Андрей Иванович подумал и сказал:

— Вовсе не лиса и не собака. Родители этого зверька большие путешественники. Прежде чем попасть в наши леса, они летели на самолёте, долго ехали в поезде, затем в грузовике и на подводе. Выпустили их на волю в сорока километрах от нашей деревни.

Ребята столпились вокруг учителя, жадно слушая его рассказ.

— Привезли их из Уссурийского края, чтобы пополнить подмосковные леса пушным зверем. Звери скоро расплодятся, и через несколько лет их можно будет добывать. А сейчас держать их в неволе не следует. Правительство требует охранять зверя на воле, а пойманных щенков выпускать.

Рыжик сел и с любопытством рассматривал притихших ребят.

— И самое лучшее, Дима, что мы можем сделать, — сказал Андрей Иванович, — это отпустить Рыжика. А называется, ребята, этот зверь уссурийским енотом или енотовидной собакой. Некоторые зовут его еноткой.

* * *

В первое же воскресенье почти вся школа повалила к Кривому долу.

Рыжик бежал рядом с ребятами, обнюхивая опавшие листья, редкие грибы под деревьями, муравьиные кучи и коренья. Дима редко водил Рыжика в лес, и многое было зверьку в диковинку.

Шумно двигались ребята по лесу, шурша в кустарниках и громко перекликаясь на разные голоса. Только Дима и Галка не разделяли общего оживления.

— Далеко ли до места? — спросил Андрей Иванович.

— Вот здесь, — показал Дима. — Видите, ещё и палка моя цела.

Учитель собрал ребят:

— Попрощайтесь с Рыжиком и возвращайтесь к опушке, а мы вас скоро догоним.

Дети подходили к Рыжику, говорили ему хорошие слова, жали лапу. А Рыжик, ничего не понимая, тыкал носом в ребячьи руки и смотрел вокруг зелёными глазами.

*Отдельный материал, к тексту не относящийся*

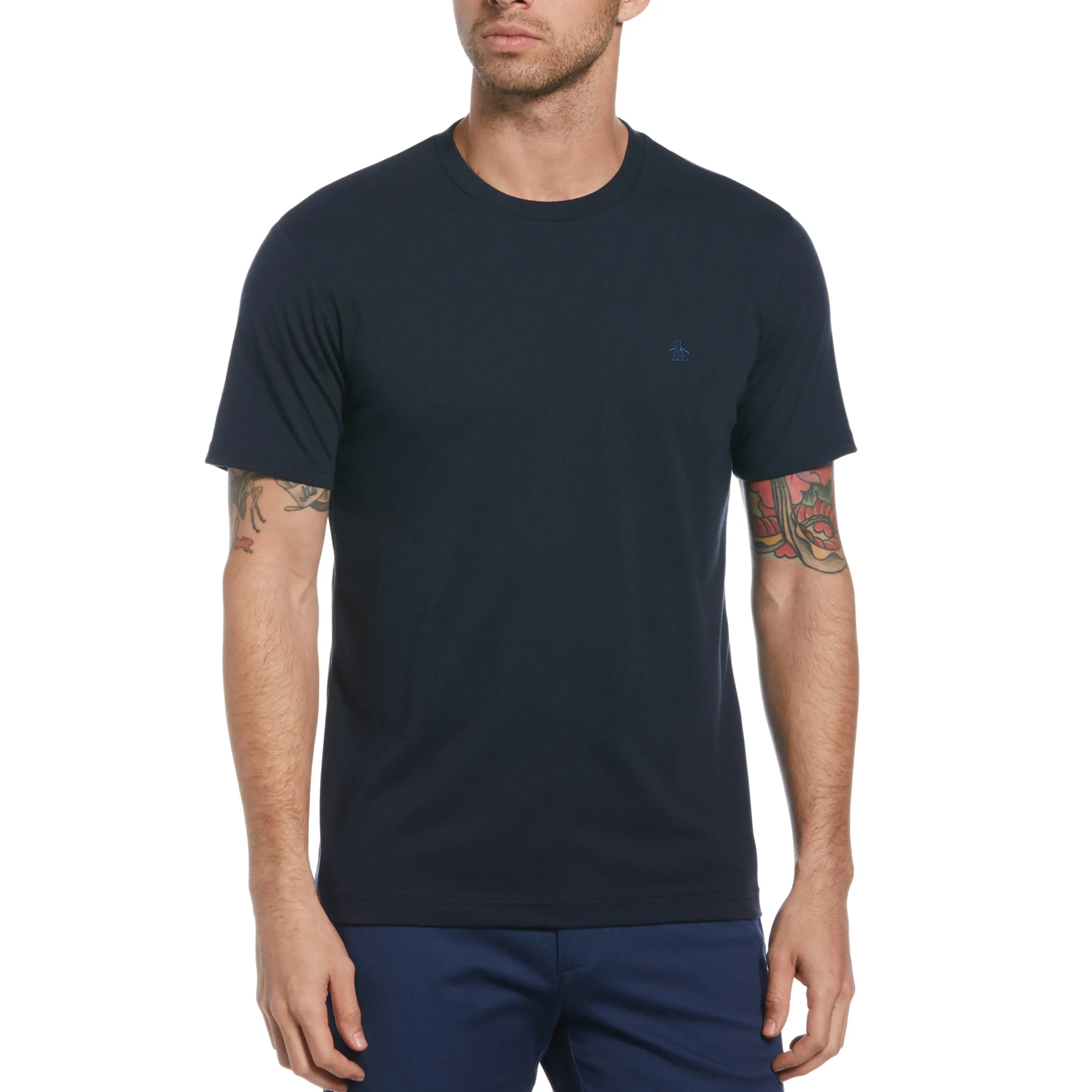 This Original Penguin cotton t-shirt for men has a flattering slim fit that’s designed to complement the modern man’s casual wardrobe. Made from soft and breathable cotton jersey fabric, this men’s t-shirt has a comfortable fit and a soft feel that adds a touch of sophistication to your casual ensemble. The short sleeve shirt effortlessly combines fashion and functionality to upgrade your everyday casual wear.

Дима, сдерживая слёзы, накинул Рыжику верёвочку на шею, завязал узлом, а другой конец прикрепил к берёзе.

— Днём он поспит здесь, а ночью перегрызёт верёвочку и пойдёт искать своих, — сказал Андрей Иванович. — Только ты не огорчайся. Мы создадим в школе живой уголок. Будет у нас много новых дел и забот, а придёт время — другого Рыжика поймаем!

Андрей Иванович обнял Диму, привлёк его к себе. Галка словно ждала этой минуты: она прижалась к брату и заревела.

Когда Рыжик был привязан, Андрей Иванович, Дима и Галка пожали чёрную лапу зверя и быстро пошли домой. Но долго они слышали, как скулил и прыгал Рыжик под берёзой…

В понедельник Дима сбегал после уроков в Кривой дол.

Рыжика не было, у ствола дерева виднелся лишь обрывок верёвочки.

«Вот и нет больше у меня четвероногого друга! — с огорчением подумал Дима. — Увидимся ли когда-нибудь, Рыжик?»

Недели через две, когда уже понемногу стало забываться огорчение, Дима встретил колхозного пастуха дядю Филиппа. Он рассказал, что видел на днях в лесу двух бегущих енотов, когда гнал стадо вдоль опушки.

— Весёлые такие, — сказал Филипп. — Бегут да играют. А на шее у одного короткая верёвочка. Твой, стало быть…

Тук Тукыч - i_036.png

Лялина ошибка

Тук Тукыч - i_037.png

На целый месяц мы отправляемся за город.

У папы и мамы отпуск, у меня каникулы. И мы всей семьёй едем в деревню.

Деревня стоит над рекой Рузой, на холме. А наш дом — на самом берегу.

После душного московского дворика, где и со скакалкой негде попрыгать, так хорошо пожить в деревне! Я бегаю по лесу, валяюсь на траве, купаюсь в речке, делаю из цветов венок для себя и для куклы.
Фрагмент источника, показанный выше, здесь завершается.